Sorry, it should be there now. Forgot to respond earlier.
BTW, rather than removing --run, wouldn't it be better to add '--no-degraded' (or similar)?
mdadm -A without run is the same as -A --run --no-degraded. The only effect --run has is to enable starting degraded arrays. Without --run, assemble will assemble, but not start, a degraded array, and will both assemble and start complete arrays. BTW, did you build both f9 and devel initscripts packages? I assume devel is done, but didn't know if you had built and pushed the initscripts change to bodhi yet (or how you wanted to coordinate doing so to resolve this).

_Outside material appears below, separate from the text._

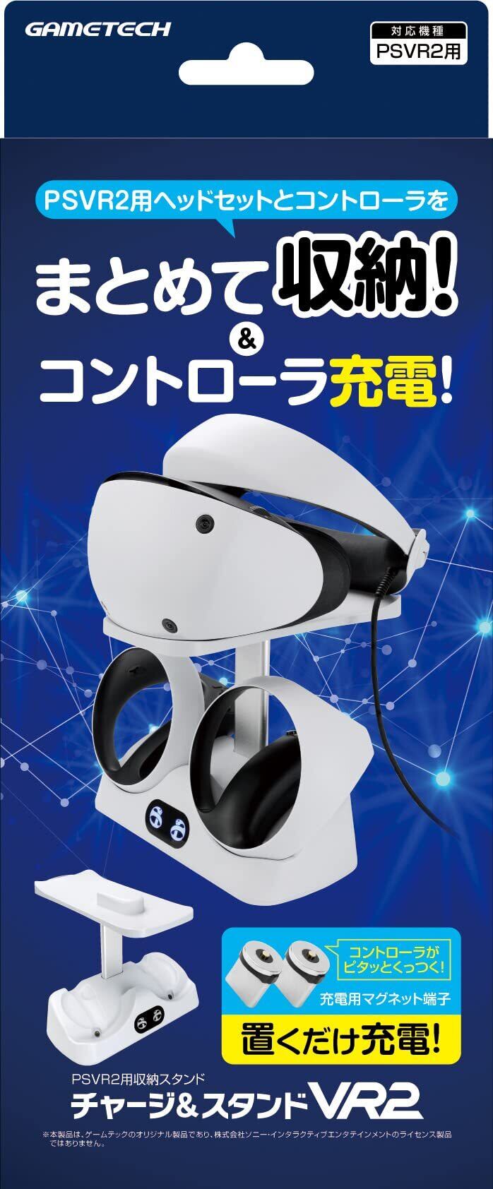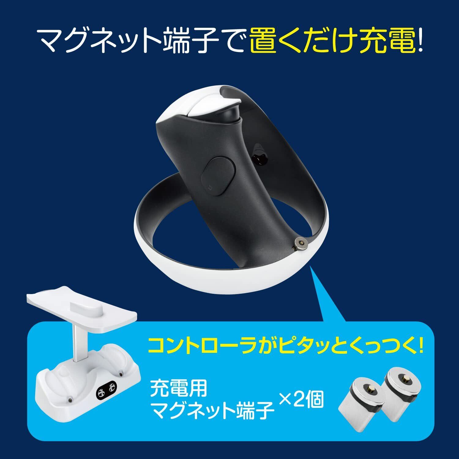 PSVR2対応コントローラとヘッドセットをスマートに収納します。<BR>マグネット端子でコントローラ2台を置くだけでラクラク充電が可能です。

It's in rawhide now, and currently in testing for Fedora 9; it will be pushed to stable in the next push. https://admin.fedoraproject.org/updates/F9/FEDORA-2008-8981
Thanks, I'll build the new mdadm.
*** Bug 467587 has been marked as a duplicate of this bug. ***
mdadm-2.6.7.1-1.fc9 has been submitted as an update for Fedora 9. http://admin.fedoraproject.org/updates/mdadm-2.6.7.1-1.fc9
mdadm-2.6.7.1-1.fc9 has been pushed to the Fedora 9 testing repository. If problems still persist, please make note of it in this bug report. If you want to test the update, you can install it with su -c 'yum --enablerepo=updates-testing update mdadm'. You can provide feedback for this update here: http://admin.fedoraproject.org/updates/F9/FEDORA-2008-9325
mdadm-2.6.7.1-1.fc9 has been pushed to the Fedora 9 stable repository. If problems still persist, please make note of it in this bug report.